New third-quarter average rent data came out for metro Denver last month. The average rent hit a new all-time high during the third quarter of 2015. During the third quarter, the average rent in metro Denver, according to the Apartment Association of Metro Denver's vacancy survey, was $1,291. That's up from the third-quarter 2014 average rent of $1,145:


Year-over-year, the third quarter saw one of the largest growth rates ever recorded. During the third Q of 2015, the YOY change was 12.7 percent. That's down slightly from the second quarter's all-time highest growth rate of 13.2 percent:


Although this graph only goes back to 1988, we'd still find that recent YOY growth is the highest ever, even if we go back to the earliest data recorded by this survey (which was in 1982). We can safely say that we're now experiencing the highest levels of rent growth seen in thirty years. 

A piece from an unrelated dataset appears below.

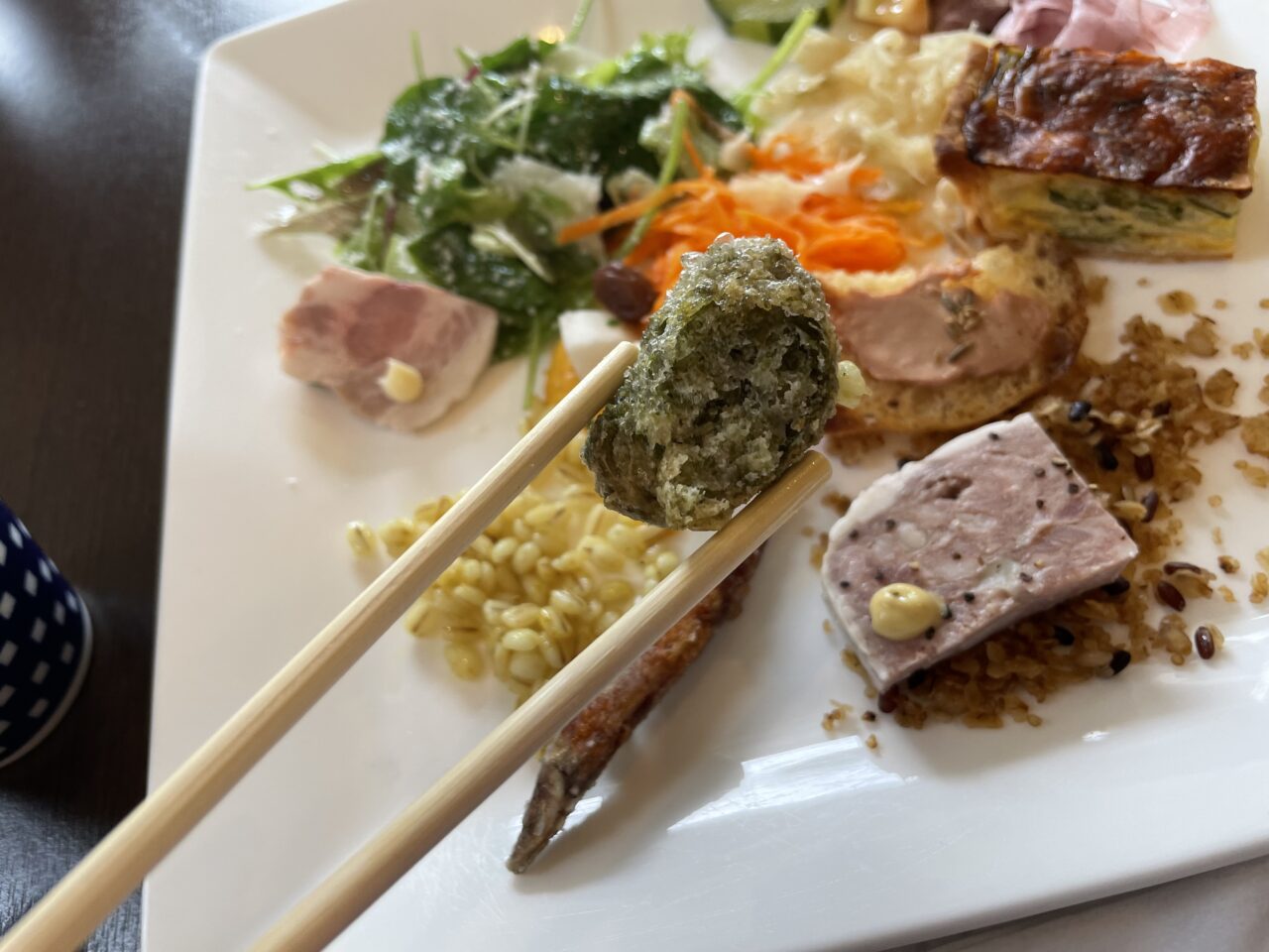 一番左手前にある緑色のフライは海苔が練りこまれているようで、癖になるちょっと変わったフライでした。

But what if we adjust for inflation? Is the rent really at an all time high? The answer is yes.  In this graph, I've adjusted the average rent data so that everything is in constant 2015 dollars: 

When we adjust for inflation, we find that real rents were fairly high even by today's standard during 2000 and 2001. Back in the 4th quarter of 2000, real rents had peaked at $1,085. They would not reach that level again until the 4th Q of 2013. Since then, rents have been regularly reaching new all-time highs. 

Also note that rents were going down in real terms between 2001 and 2009. Those were the days when, in real terms, your rent actually went down when you renewed your lease. For now, renters are facing some of the biggest rent growth ever, both in nominal terms and in real terms. 

This data is for multifamily rentals only. "Multifamily" means structures with more than four units.